You can also download the Admin page fixes from this zip file:

• Download Web Connection Admin Page Updates

I'd also like to point Web Connection users and administrators at the Security Lockdown and IIS Configuration topics in the Web Connection Documentation:

• Securing your Web Connection Application
• IIS Configuration for Web Connection

If you have a Web Connection application live on the Web and you're not sure about the status of your security, please take the time to review these three links as they are very important to the security of your application.

+++ Rick ---

Admin page updates are for wc 6.x only, or also 5.x?

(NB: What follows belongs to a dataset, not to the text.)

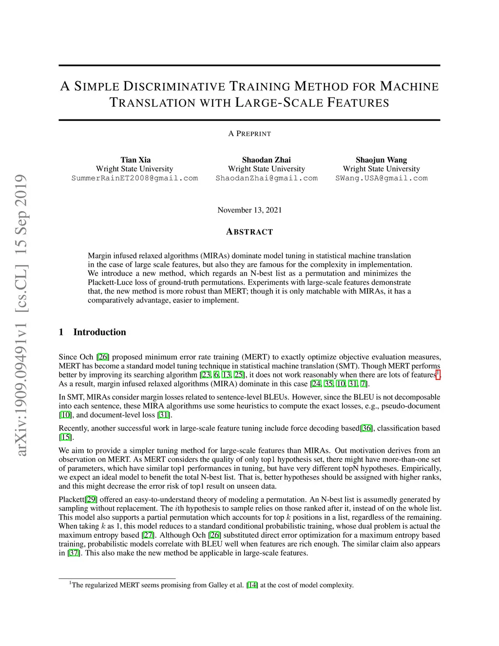 Margin infused relaxed algorithms (MIRAs) dominate model tuning in statistical machine translation in the case of large scale features, but also they are famous for the complexity in implementation. We introduce a new method, which regards an N-best list as a permutation and minimizes the Plackett-Luce loss of ground-truth permutations. Experiments with large-scale features demonstrate that, the new method is more robust than MERT; though it is only matchable with MIRAs, it has a comparatively advantage, easier to implement.

The files are for Web Connection 6.x and the old ASP page. There's nothing for the older Admin links (wc.wc?__maintain links) which were used prior to 6.10 I believe. If you're on any 6.x version I'd highly recommend updating to 6.19 - those updates are pretty much seamless. For 5.x you'll need to use the manual update of the Admin.aspx page.

+++ Rick ---

Thanks for highlighting this issue. Admin page security has been an ongoing issue in our case as we distribute a vertical app which runs on scores of different customer servers that are not under our control. So we rely on their staff to apply security and it's amazing how many customers just ignore our warnings and leave things open. (I fear that some of the sites Ken Pyle noted may well have been our clients.)

Having the Admin page more securely locked down by default will be helpful for future new installations, but we still need to deal with existing customers. The problem is that once our app is installed, our staff generally does not have access to the customer server, so we have no way of making security settings on pages or folders. What we can do, if we're made aware that a client has failed to secure our app, is to edit their config file to set AdminAccount=Any to activate the second level of authentication. It seems to me that is actually more critical since users could still type in the wc.wc?wwmaint commands even if the aspx page is secured.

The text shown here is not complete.